Un taux de chômage moindre pour les jeunes, une attractivité du territoire intéressante pour les capitaux étrangers...
Qu'est ce qui cloche à taxer ainsi ???
a écrit le 19/02/2011 à 22:06 :
taxer le capital une nouvelle qui se répercutera sur les oplus faibles car à un moment les loyers flamberont et par ricochet il se peut que la construction privé baisse et se reprte à l'étranger. Sans aucune polémique les parents de MAM ont investi dans une SCI en Tunisie où le capaital rapporte plus qu'en France. Nos politiques sont tirent sans voir la cible finale, leur vision d'un sujet s'arrête au niveau de leur petit cerveau technocratique.
a écrit le 19/02/2011 à 18:19 :
il faut taxer l'immobilier et alleger la fiscalité sur le travail car c'est la seule reponse au mondialisme : seul l'immobilier n'est pas décocalisable.
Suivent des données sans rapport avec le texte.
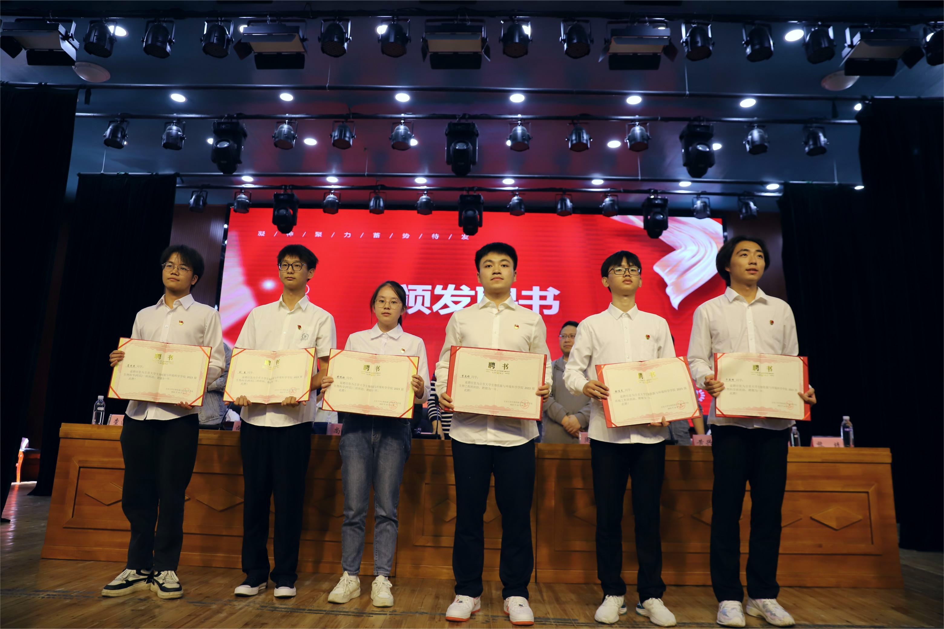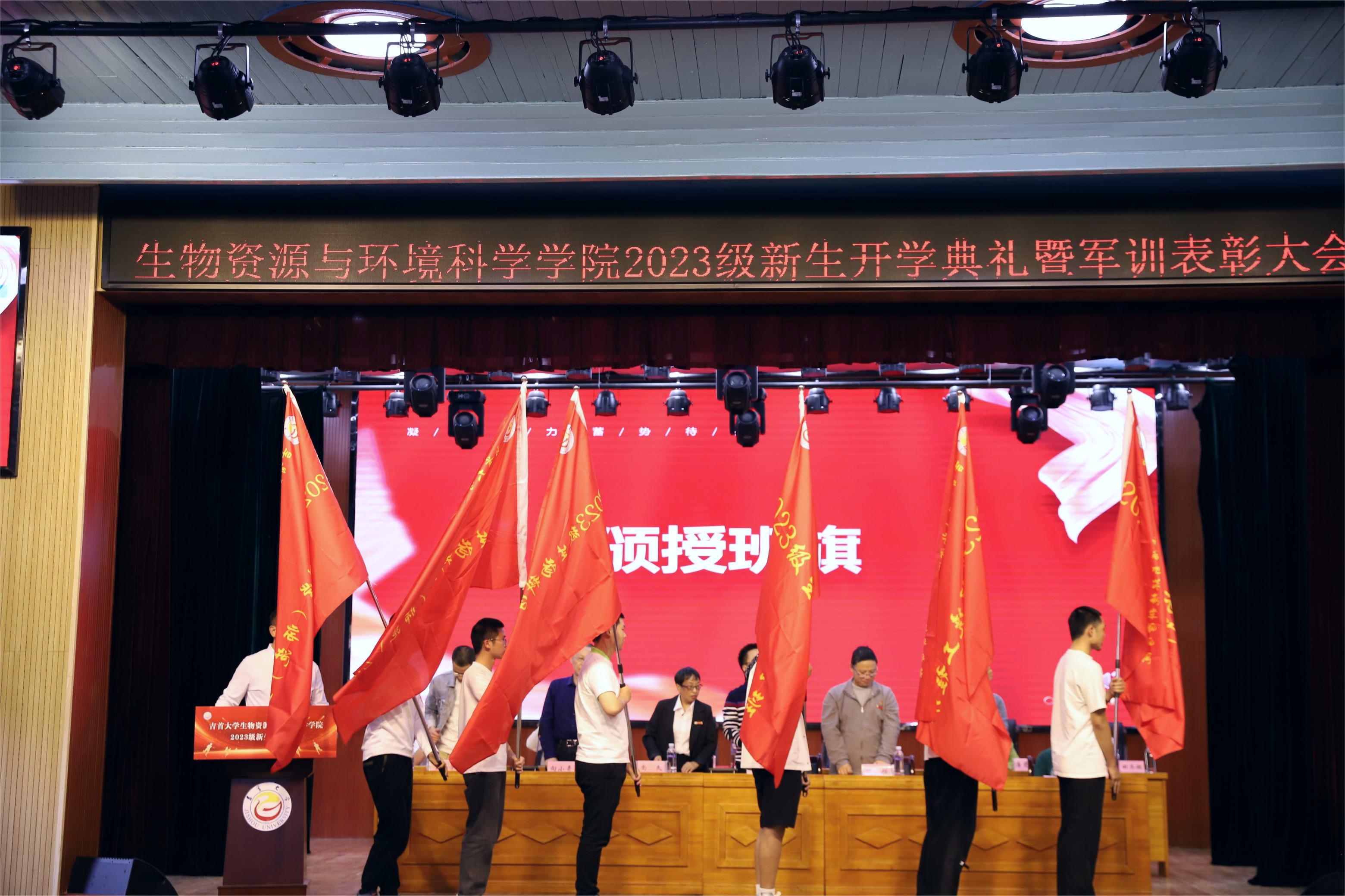 典礼期间,尚久对2023级本科班主任、班主任学生助理任命文书以及军训先进个人与军训优秀教练员表彰文件进行宣读。而后,院领导颁发班主任、班主任学生助理聘书和军训优秀教练员证书、纪念品与军训先进个人证书。最后,我院院领导颁授新生班旗,向小奇带领全体2023级新生进行入院宣誓。

PS : il serait d'ailleurs urgent de taxer l'immobilier plus lourdement pour les non-residents qui acquierent un pied-a-terre a Paris et font flamber les prix sans consideration du tissu économique et social local.
Réponse de le 20/02/2011 à 19:07 :
PS? Le socialisme n'est donc pas mort? Il faut CON-FISC-ER leurs biens à ces odieux capitalistes. Car tout change, et bientôt ils n'auront plus nul part où se réfugier, quand la planète sera devenue une libre et grande Corée du Nord!